As most planners know, planning is a process rather than a single event, so allowing development to take place in phases, responsive to evolving needs, is more likely to succeed than trying to lay down a comprehensive design as a fait accompli. It also allows time for community input on how the site should be developed.
Of course, it is still not without its challenges, including how to get power and water up into the buildings through the deck, and how to drain waste down from the buildings and streets to waste treatment facilities. We all know that the $21 billion price tag for the deck could well be $42 billion by the time it’s finished. Hopefully, the cost of the decking will be borne by federal dollars rather than by whatever is built on top. (The cost of decking over the Hudson Yards rail tracks meant that the affordable housing that was promised has been dropped from the plan.) But if Mayor Mamdani can secure the $21 billion he is requesting from Trump, there is hope.
One way to reduce the cost of building on the deck is to use mass timber construction. Mass timber replaces traditional steel and concrete construction with wood that is typically laminated to give it strength and achieve longer spans. Mass timber is lighter, cheaper, and more sustainable than traditional steel and concrete, since the latter requires significant energy to produce. The technology of mass timber has developed rapidly over the past decade so that taller buildings are possible.
For example, Portland, Oregon’s Julia West House is a 12-story mass timber apartment building.

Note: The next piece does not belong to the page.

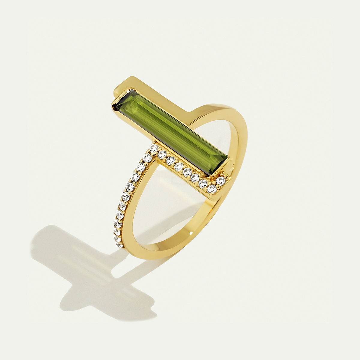 Baget 14 Ayar Altın Açık Yeşil Taşlı Yüzük

Julia West House rendering via Holst Architecture.
Julia West House, structural section perspective, via Holst Architecture.
Somewhat counterintuitively, wood is not ruled out due to fire risk because the outer layer of wood columns and beams chars quickly, and that charred layer protects the core of the wood long enough to evacuate the building. Steel, on the other hand, buckles quickly in a fire and has to be covered in fire-resistant material.
There are other advantages to mass timber. While steel and concrete prices continue to rise, there is a plentiful stock of white pine in New York State that can be sustainably harvested for construction. This not only lowers the carbon footprint, but also provides jobs for tree harvesting and for workers in the mass timber mills.

Because mass timber is lighter than steel and concrete, the strength, and thus the cost, of the deck over the rail tracks can be reduced. So perhaps there is hope for this latest plan for Sunnyside Yards. With federal funds to support the cost of the decking, with mass timber construction to reduce the cost of the buildings, and with time to incorporate community input into what is actually built, it might just be the best thing to happen in Queens for a long time.